Шрифт:
Интервал:
Закладка:
Жозефа, однако, не желала терять ни лавки, ни расположения ее хозяина. Она, когда надо, умела быть приветливой — пригласила португальца посаженным отцом на свадьбу и стала всячески обхаживать его, заигрывала с ним и даже звала его тестем. И торговец в конце концов не написал письма, которым угрожал, и не вызвал к себе двоюродную сестру. Ее портрет он показал Жозефе, и та покатилась со смеху: ее посаженный отец достоин лучшей невесты, не то что эта — настоящая доска. Неужели ему, такому красивому и сильному, хочется глодать эти кости… Португалец посмотрел на Жозефу, на ее стройное тело, упругую грудь, роскошные бедра и согласился с ней.

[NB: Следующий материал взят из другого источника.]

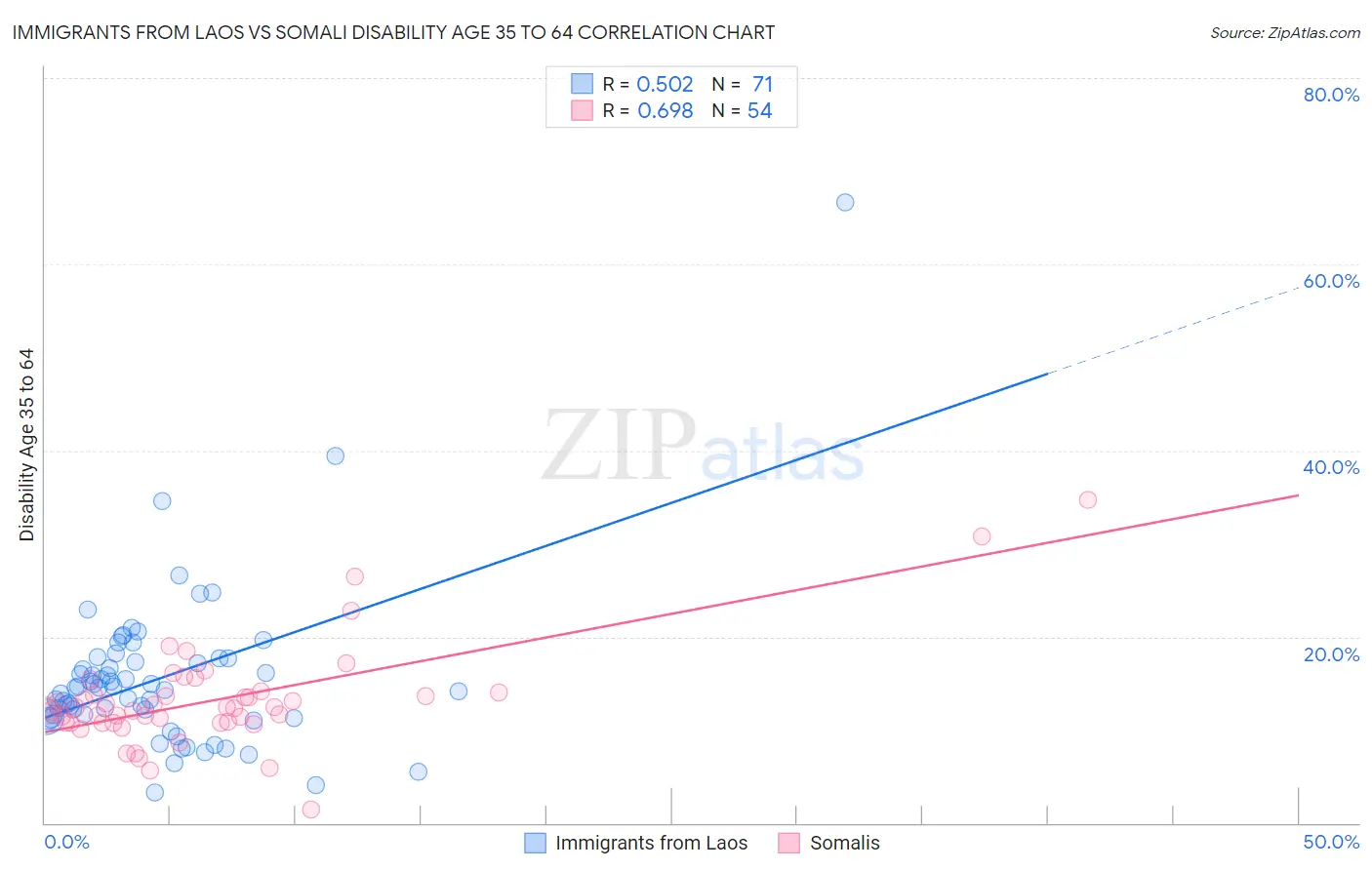 Immigrants from Laos vs Somali Disability Age 35 to 64 Correlation Chart

Так Жозефа помогла красавцу мужу, весьма недалекому, однако усердно исполнявшему свои обязанности за прилавком и в постели, стать компаньоном хозяина и единственным владельцем лавки после его смерти. А когда у Жозефы родился первый сынишка, хозяин совсем потерял голову, растроганный крошкой, который ластился к нему, как к отцу. Впрочем, сплетницы не видели в этом ничего странного: даже если старый португалец и не был отцом мальчика, без его участия все же в этом деле не обошлось. Разве он не переселил супружескую чету в свой просторный дом и не проводил там время наедине с Жозефой, пока ее муж трудился в лавке? Жозефа пожимала плечами, когда кто-нибудь передавал ей эти сплетни; она стала толстой и ленивой мулаткой, которой удавалось ублажать обоих португальцев: молодого — горячего, как жеребец, и старого — похотливого, как козел.
Старик, еще когда была жива его жена, очень хотел иметь ребенка, даже дал обет: если родится мальчик, послать его учиться в семинарию и сделать священником. Однако жена так и не порадовала, его, она не доносила до срока ни одного ребенка, скинула четырех или пятерых, от частых беременностей и выкидышей быстро постарела и в конце концов умерла от гриппа. Теперь у португальца появилась возможность выполнить свою клятву: участь мулатика была решена. Что же касается его матери, то она исповедовала культ Омолу[45], поэтому будущего падре ребенком не раз водили на языческие праздники. И если бы он не поступил в семинарию, наверняка стал бы жрецом Огуна, как решила Жозефа, едва он родился.
В семинарии мальчик забыл пестрые макумбы, плавные языческие хороводы, звуки барабанов, ритуальные танцы, забыл даже имя своего деда, поскольку теперь его дедом был португалец, хозяин лавки, посаженный отец на свадьбе его родителей и его крестный отец.
Жозефа тоже перестала посещать кандомблэ и в большой тайне выполняла свои обеты старому Омолу. Негоже было матери семинариста плясать на площадках для кандомблэ. Еще до того, как ее сын стал отцом Гомесом, получил приход и отслужил первую мессу, она окончательно покинула старого Омолу, не приносила больше ему пищи и обетов не выполняла.
Кроме сына, у нее была еще дочь — Тереза, умершая в одиннадцатилетнем возрасте от оспы. Вскоре после этого умерла от черной оспы и сама Жозефа. Старые тетки сказали тогда, что эго ее покарал Омолу, бог здоровья и хвори, властитель оспы и чумы. Разве не принадлежали они обе, мать и дочь, старому Омолу, и разве не приходил он требовать, чтобы его молодая лошадка приняла его? Однако Жозефа, уважая сына-семинариста, готовившегося стать падре, не соглашалась отдать девочку в секту и восстала против предрассудков. Она сама, прежде так ревностно служившая своему святому, теперь совершенно к нему охладела, перестала совершать жертвоприношения и уже несколько лет не танцевала на его праздниках. Так говорили старые тетки, знавшие все тайны, близкие к богам и жрецам.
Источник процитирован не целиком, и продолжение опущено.